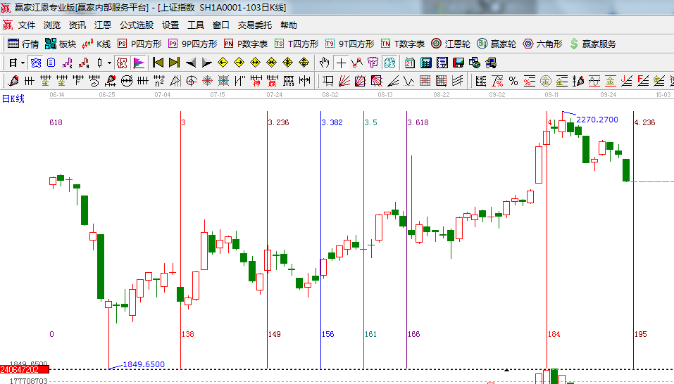 咨詢:13333833889研究歷史預(yù)測(cè)未來是江恩理論代名詞,贏家江恩系統(tǒng)則是依據(jù)江恩理論的核心理論自然規(guī)律而研發(fā),一直以來直觀的通過工具理性的分析判斷指數(shù)、個(gè)股的走勢(shì),近期指數(shù)的走勢(shì)一步步的在安著分析預(yù)判的運(yùn)行,如昨天分析所談到60分鐘生命線2195的失守將展開日線的正式調(diào)整,市場(chǎng)今天破位后出現(xiàn)快速下跌,這種格局要持續(xù)到節(jié)后的一周左右的時(shí)間里才會(huì)有所緩解,因此操作上放慢節(jié)奏,權(quán)重股的調(diào)整將指數(shù)帶動(dòng)下來,為后期上攻拉空間,虧損過多的個(gè)股不需要出局,做出減倉(cāng)尋找機(jī)會(huì)補(bǔ)倉(cāng);假期前還有兩個(gè)交易日,假期效應(yīng)會(huì)再現(xiàn);
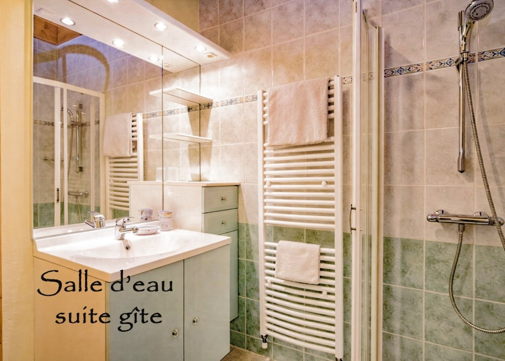 ETAGE 2 (gîtes) : pièce de vie avec cuisine équipée, suite avec sde et wc, wc indépendant.
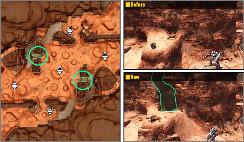 - ⇒ We have created an opening in the cliff that separates the central area and the waterways, adding a new route to relay points A and B.
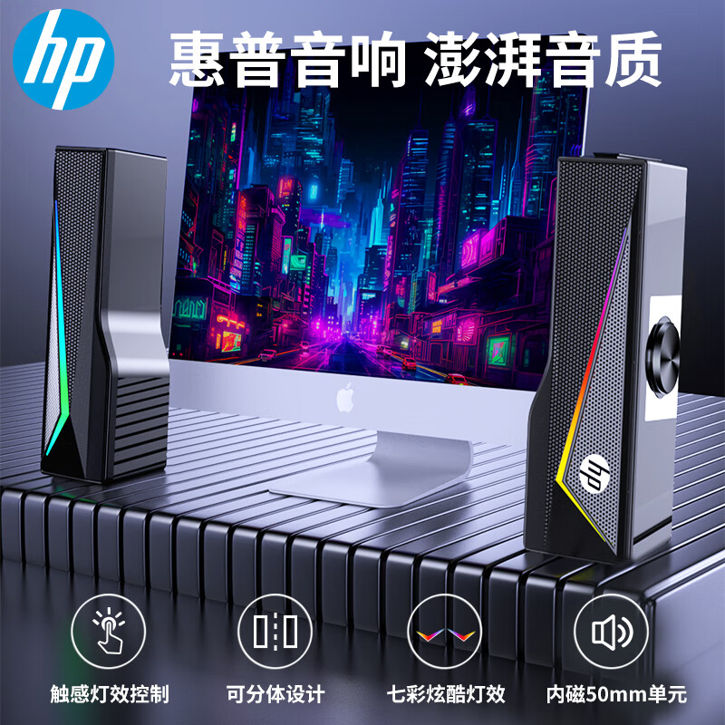 惠普(HP)DHE-6005 音响 迷你长条小音箱多媒体笔记本电脑桌面有线台式机低音炮游戏电竞炫彩灯光送礼礼物价格:129.00元!
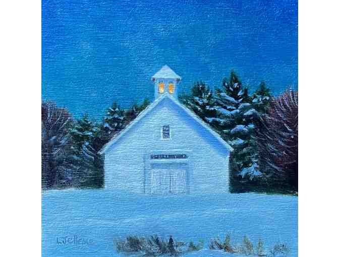 Add this ambient oil painting to your gallery. Winter Barn, Muster Field Farm, by NH artist Lisa Jelleme, measures 6" x 6" oil on board and comes framed.

* **Your assignment**
Extract, word for word, each line from the top of the data down to and including the line with "ETAGE 2 (gîtes)"; skip the pictures.

* **Written solution**
 咨詢:13333833889研究歷史預(yù)測(cè)未來是江恩理論代名詞,贏家江恩系統(tǒng)則是依據(jù)江恩理論的核心理論自然規(guī)律而研發(fā),一直以來直觀的通過工具理性的分析判斷指數(shù)、個(gè)股的走勢(shì),近期指數(shù)的走勢(shì)一步步的在安著分析預(yù)判的運(yùn)行,如昨天分析所談到60分鐘生命線2195的失守將展開日線的正式調(diào)整,市場(chǎng)今天破位后出現(xiàn)快速下跌,這種格局要持續(xù)到節(jié)后的一周左右的時(shí)間里才會(huì)有所緩解,因此操作上放慢節(jié)奏,權(quán)重股的調(diào)整將指數(shù)帶動(dòng)下來,為后期上攻拉空間,虧損過多的個(gè)股不需要出局,做出減倉(cāng)尋找機(jī)會(huì)補(bǔ)倉(cāng);假期前還有兩個(gè)交易日,假期效應(yīng)會(huì)再現(xiàn);
 ETAGE 2 (gîtes) : pièce de vie avec cuisine équipée, suite avec sde et wc, wc indépendant.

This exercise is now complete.